* Activity *
In the listing below, locate the line with "七下冀少生物 第二章 循环系统与物质运输(单元卷·考点卷)(3大考点)(含答案)QXSWJS-0152" and the line with "O Joelho 90", then output both and everything between them exactly, minus any pictures.

* Study material *
++++++
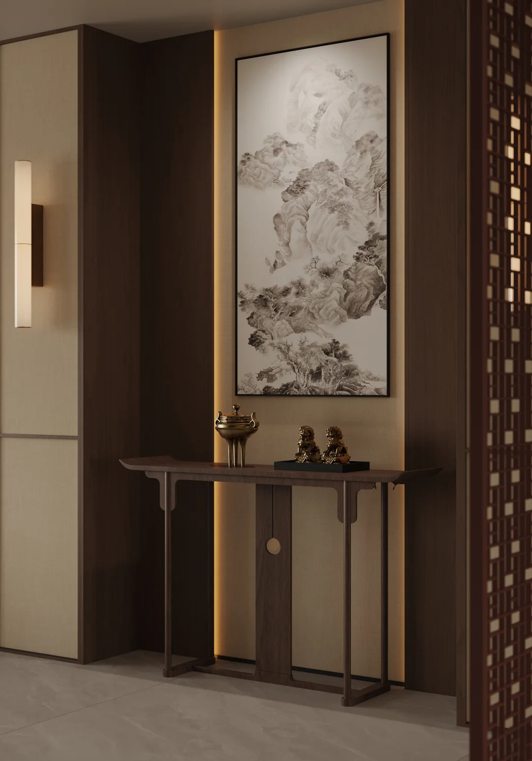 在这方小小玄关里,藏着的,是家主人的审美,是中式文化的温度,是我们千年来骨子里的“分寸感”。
++++++
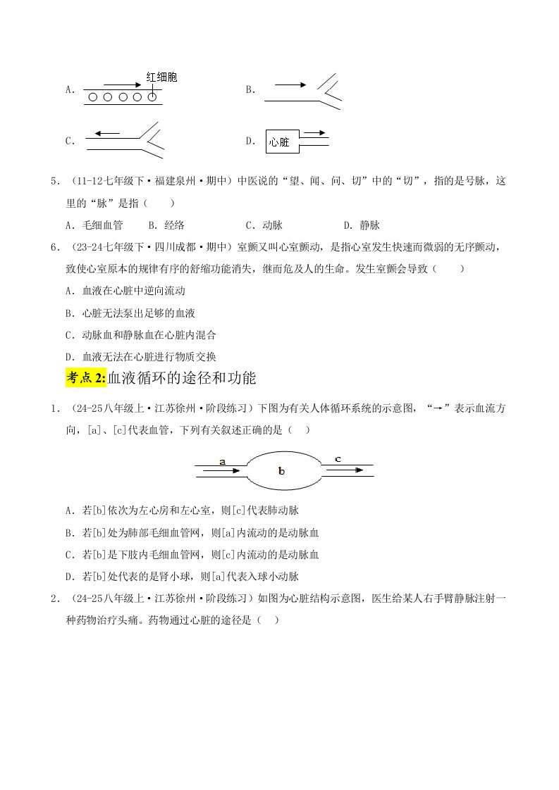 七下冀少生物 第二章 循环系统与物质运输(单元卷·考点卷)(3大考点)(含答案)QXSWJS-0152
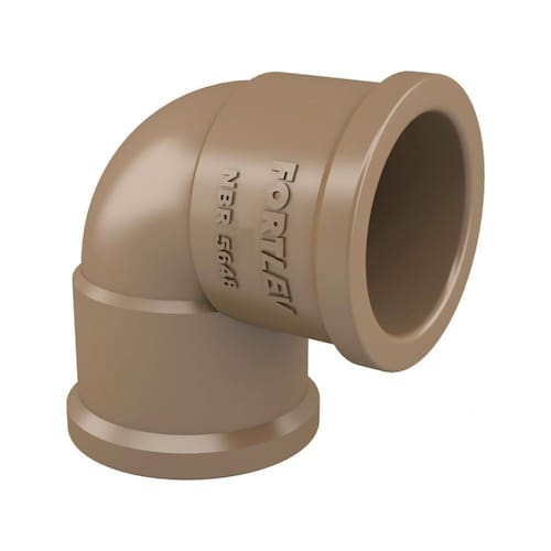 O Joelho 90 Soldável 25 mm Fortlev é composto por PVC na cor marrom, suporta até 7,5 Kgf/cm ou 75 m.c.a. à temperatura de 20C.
++++++
* Written solution *
 七下冀少生物 第二章 循环系统与物质运输(单元卷·考点卷)(3大考点)(含答案)QXSWJS-0152
 O Joelho 90 Soldável 25 mm Fortlev é composto por PVC na cor marrom, suporta até 7,5 Kgf/cm ou 75 m.c.a. à temperatura de 20C.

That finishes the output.